Task to carry out:
Your answer should hold exactly the lines beginning with the one that contains "Surrounding Maelifell are" and ending with the last line of the material, both included. Leave every picture out.

##### Extracted data #####

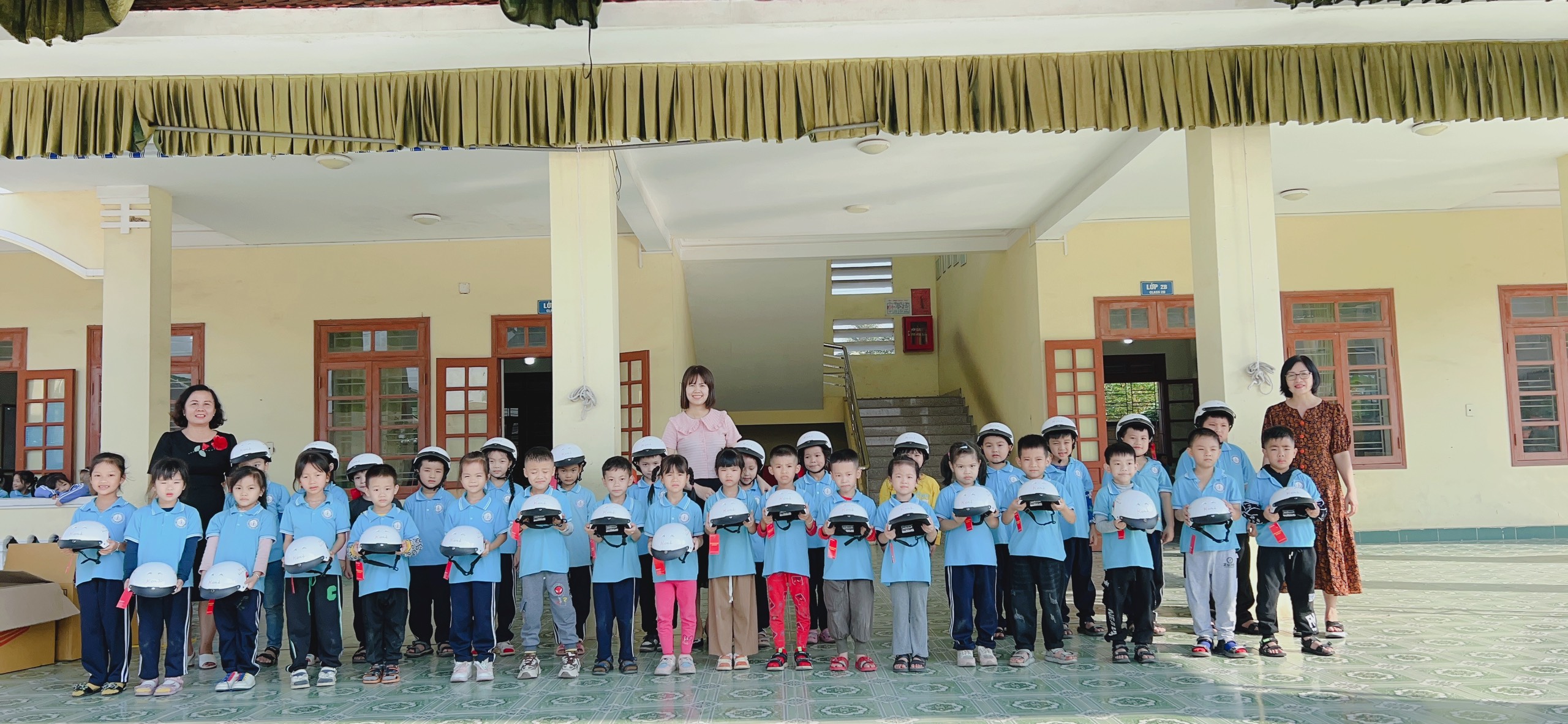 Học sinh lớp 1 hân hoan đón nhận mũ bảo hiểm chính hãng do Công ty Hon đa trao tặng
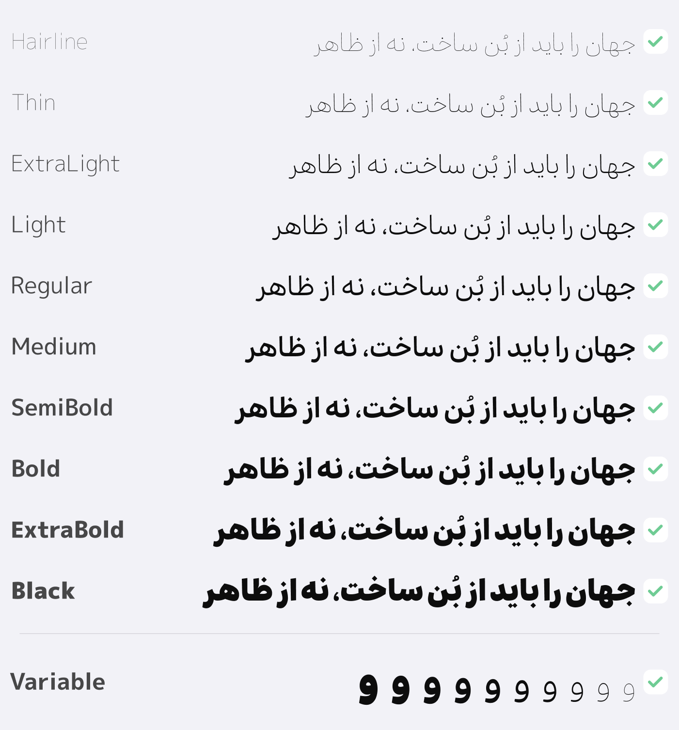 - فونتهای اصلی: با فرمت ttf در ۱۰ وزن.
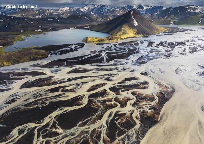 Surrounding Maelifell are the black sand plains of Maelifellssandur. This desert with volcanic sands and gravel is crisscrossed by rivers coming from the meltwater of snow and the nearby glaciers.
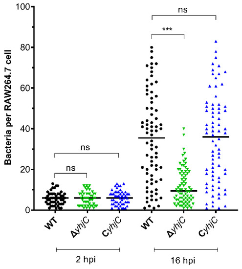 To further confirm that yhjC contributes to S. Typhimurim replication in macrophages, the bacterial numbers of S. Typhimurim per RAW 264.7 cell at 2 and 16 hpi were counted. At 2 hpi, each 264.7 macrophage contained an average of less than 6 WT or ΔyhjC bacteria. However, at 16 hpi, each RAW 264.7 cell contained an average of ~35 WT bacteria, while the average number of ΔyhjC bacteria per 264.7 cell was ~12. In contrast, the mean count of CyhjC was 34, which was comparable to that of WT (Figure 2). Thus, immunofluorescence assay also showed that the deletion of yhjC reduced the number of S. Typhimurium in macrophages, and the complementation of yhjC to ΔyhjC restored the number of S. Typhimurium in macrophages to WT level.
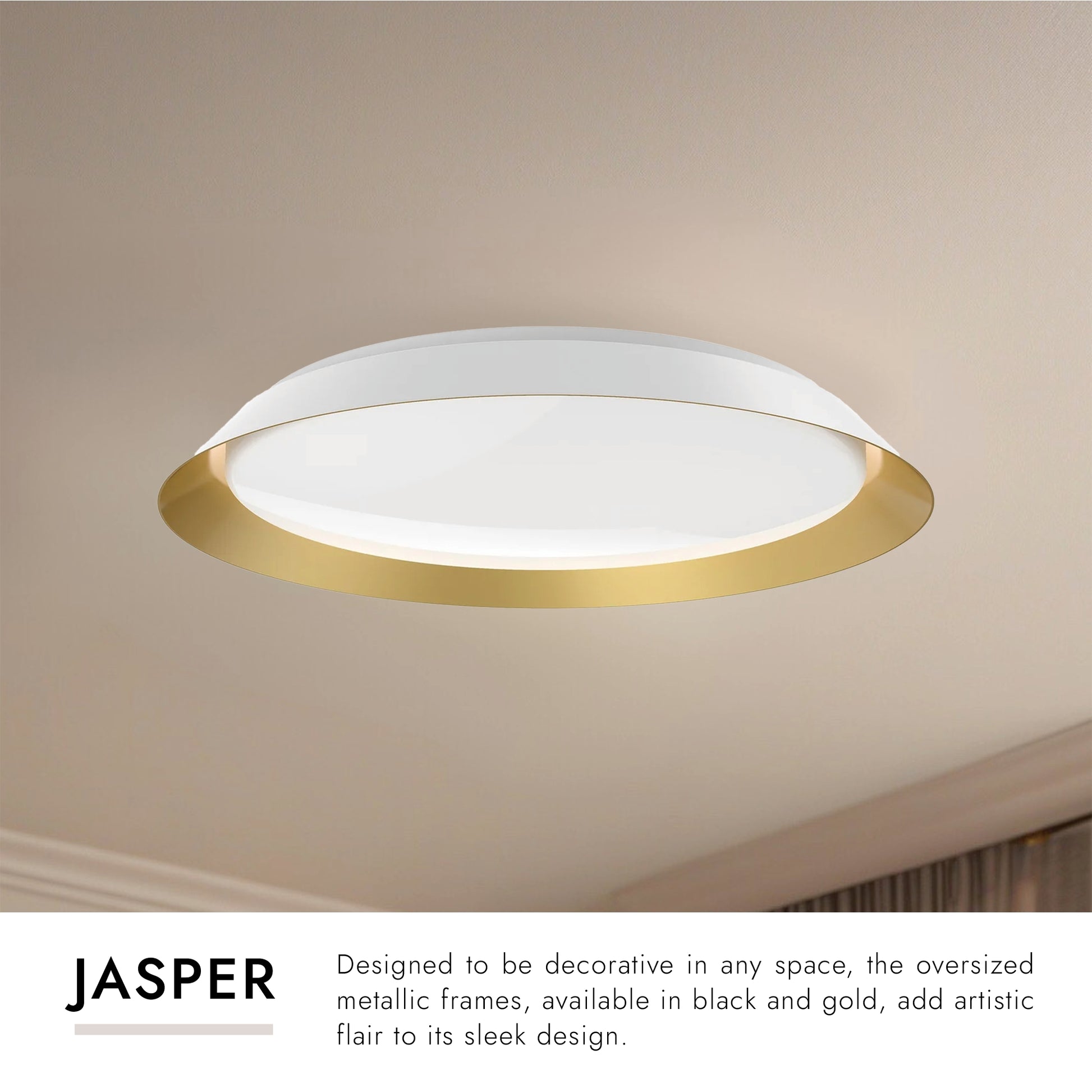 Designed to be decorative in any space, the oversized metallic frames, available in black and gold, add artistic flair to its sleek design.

#####

Result for this task:
 Surrounding Maelifell are the black sand plains of Maelifellssandur. This desert with volcanic sands and gravel is crisscrossed by rivers coming from the meltwater of snow and the nearby glaciers.
 To further confirm that yhjC contributes to S. Typhimurim replication in macrophages, the bacterial numbers of S. Typhimurim per RAW 264.7 cell at 2 and 16 hpi were counted. At 2 hpi, each 264.7 macrophage contained an average of less than 6 WT or ΔyhjC bacteria. However, at 16 hpi, each RAW 264.7 cell contained an average of ~35 WT bacteria, while the average number of ΔyhjC bacteria per 264.7 cell was ~12. In contrast, the mean count of CyhjC was 34, which was comparable to that of WT (Figure 2). Thus, immunofluorescence assay also showed that the deletion of yhjC reduced the number of S. Typhimurium in macrophages, and the complementation of yhjC to ΔyhjC restored the number of S. Typhimurium in macrophages to WT level.
 Designed to be decorative in any space, the oversized metallic frames, available in black and gold, add artistic flair to its sleek design.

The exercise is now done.